In studies 2 and 3, we tested the performance of protease inhibitors on the stability of urine samples. The results demonstrate that all tested stabilizers were not able to stabilize the levels of the 10 protein analytes. Noteworthy, the results confirm that the current storage of voided urine samples at 4 °C is the best strategy to maintain the integrity of the proteins (Figure 1, Figure 2 and Figure 3). This aligns with a previous study evaluating the stability of urine specimens for urinalysis, which noted that the voided urine samples must be refrigerated after collection until analyzed to maintain integrity.

It is speculated that the refrigeration slows the growth of bacteria introduced into the urine from the urethra and/or prepuce/labia at the time of urine collection. The overgrowth of bacteria may directly or indirectly affect the 10 protein analytes. Therefore, in study 4, we utilized an antibiotic as a biospecimen stabilizer. Once again, the additive was not effective in stabilizing the results of Oncuria at room temperature (Figure 4). Taking all results together, we confirmed that the storage of voided urine samples at 4 °C is the best strategy to maintain the urine sample quality.

The current study has several limitations. First, due to the volume of urine needed to analyze the various conditions, we employed healthy controls, which were able to provide at least 300 mL. Second, due to the various conditions, we employed only 1–2 subjects in studies 2 through 4. Third, we only utilized commercially available proteinase inhibitors and urine stabilizers, i.e., we did not test new potential stabilizers. Finally, as participants may have speculated the nature of the voided urine samples, their collection methods may have been more astute than is commonly seen in the average clinical setting.

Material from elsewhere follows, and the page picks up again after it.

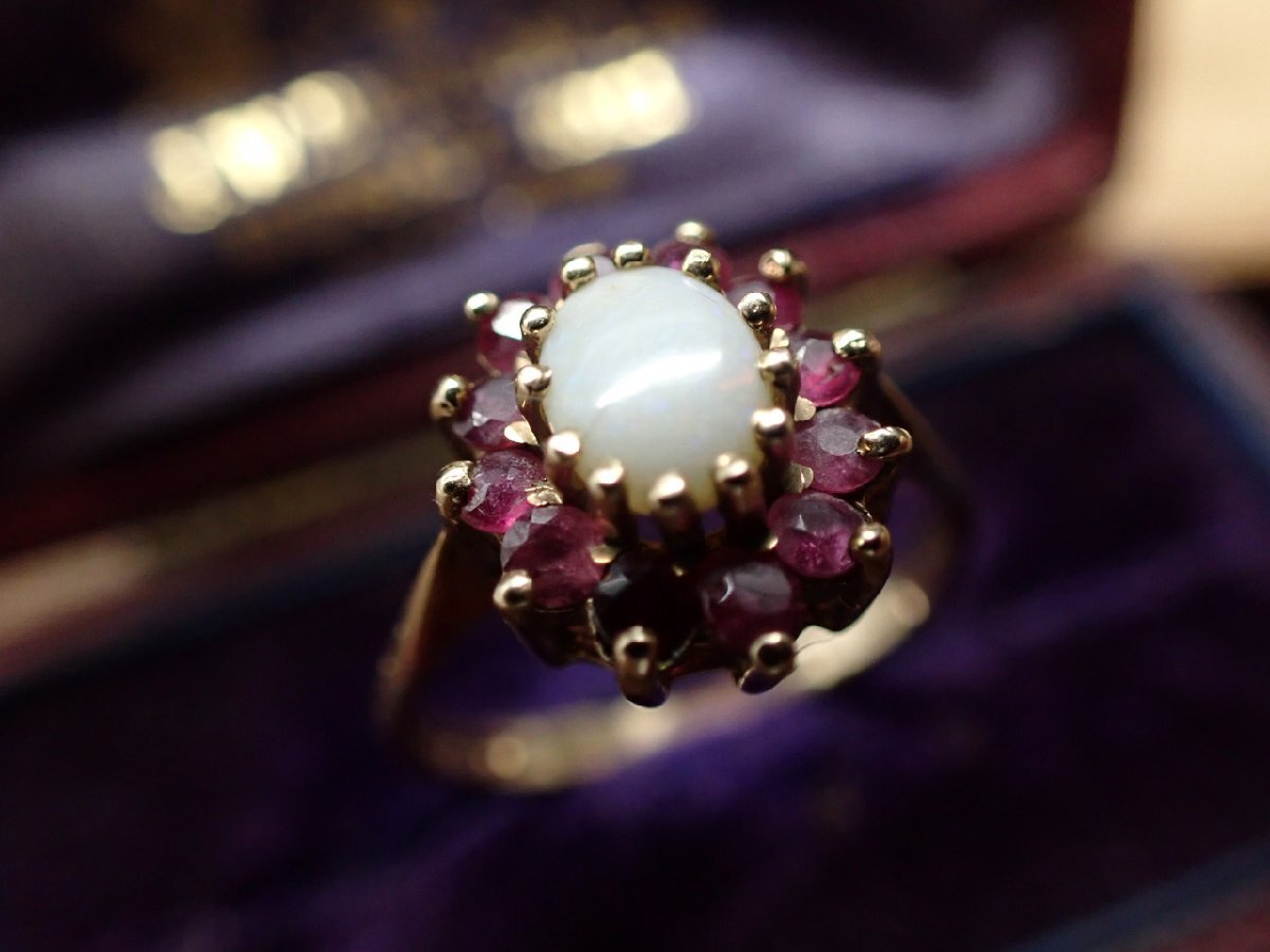 - イギリス 9金ヴィンテージリング オパールXルビー 16号

Urine collection in the clinic is noted to have intrinsic variability. This variability can be minimized via refrigeration, not through the addition of biospecimen stabilizers or antibiotics to voided urine samples immediately after collection. Altogether, we recommend placing the mid-stream voided urine samples for Oncuria in refrigeration alone within 2 h of collection for subsequent testing.

5. Conclusions

To our knowledge, this is the first multiplex bead-based immunoassay that has undergone extensive analytical testing to ensure appropriate analytical and clinical performance. Herein, we noted that voided urine samples must be refrigerated to maintain the integrity of the sample for clinical testing with Oncuria, which is important to prevent misguided treatments and harm patients.